In wonder, Thora rubbed her arms where the flames had touched her. She felt a tingle, saw a scorch mark on her gray-white skin, but she rubbed it away. There was no damage to herself, nor to the cell. It was no use. She couldn’t get out, no matter how badly the people of Ildakar needed her to save them.
She spent the next hour hating Maxim for what he had done, for his plan to turn the slaves against the very city that nurtured them and asked only their devotion in return. How those weak people had whined at the injustice, at the hard work they had to perform, without seeing that she herself suffered more for Ildakar than any of them did! No one was more aware of the painful cost of their prosperity than Thora was. The slaves had sore muscles, perhaps, and some even lost their lives, but what was the cost of a few lives to build a civilization that endured for millennia? She despised those who refused to make the sacrifice for the greater good of Ildakar. She had certainly given everything.
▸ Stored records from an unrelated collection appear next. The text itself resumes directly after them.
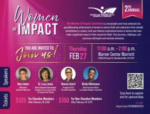 WOODLAND HILLS, CA, UNITED STATES, February 20, 2025 /EINPresswire.com/ -- The Greater San Fernando Valley Chamber is proud to present the Second Annual Women of Impact Luncheon, taking place on Thursday, February 27, 2025, at 11:00 AM at the Warner Center Marriott.— NANCY HOFFMAN VANYEK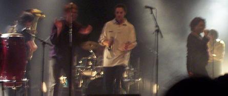 Si bien qu'il n'y a pas vraiment d'entrée sur scène, puisque la moitié du groupe est déjà présente lorsque l'autre moitié arrive, les ingés sons n'ayant même pas encore totalement fini leur boulot, d'ailleurs, les micros ne fonctionneront pas tous très bien, parfois il y aura des instruments qui vont ne pas sonner terriblement.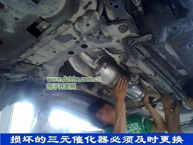 6、在車輛保養時做好對三元催化器的檢查。檢查內容有:排氣管有無異響,這種異響通常由排氣管接頭松動、三元催化器損壞、催化劑更換塞松動等原因造成;排氣管有無開裂或外殼壓扁之類的外觀損壞;排氣尾管有無催化劑顆粒排出。如果三元催化器外殼損壞或排氣尾管排出顆粒,均需更換。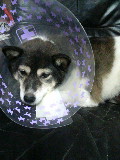 黒白犬 モモ エリザベスカラーをつけている 黒い椅子の上 2010年の写真 100528_202706

Then Maxim had uprooted the underpinnings of her beautiful society. She’d loved him long ago, and now she couldn’t understand how she had been such a fool. Was she just young and naive, driven by the heat of romance and lust? Over centuries of sharing his bed, then sharing the beds of many others, Thora had learned that lust could be easily satisfied without surrendering her heart, or even common sense. She had wasted the best years of her youth on Maxim, letting him cheat on her, learning of it, forgiving him. She had turned her heart to stone long before any petrification spell, realizing how worthless he was. But the wizard commander was too powerful to be discarded, and she had kept him as her husband, in name only, a figurehead.
Now, Thora realized she might have overestimated his power. She had been in awe of his great petrification spell, just as she had been instrumental in the great bloodworking that formed the shroud of eternity. She could do it all herself, though. She didn’t need him.
It was clear that Maxim’s magic must be waning if the stone army had awakened. No wonder he had fled. But perhaps Thora’s gift was also fading. The shroud of eternity had dissipated over the years before they had brought it down entirely. She had been willing to work the final blood magic to restore the shroud permanently, but would it truly have endured?
The underpinnings of magic had changed, the fundamental rules of the world altered in ways she didn’t understand. Nicci had offered an explanation, although Thora didn’t entirely believe her about what Richard Rahl had done. But, Utros and his army had indeed awakened, and Thora herself had revived from the petrification spell. Yes, much was changing, and she had to use that to her advantage.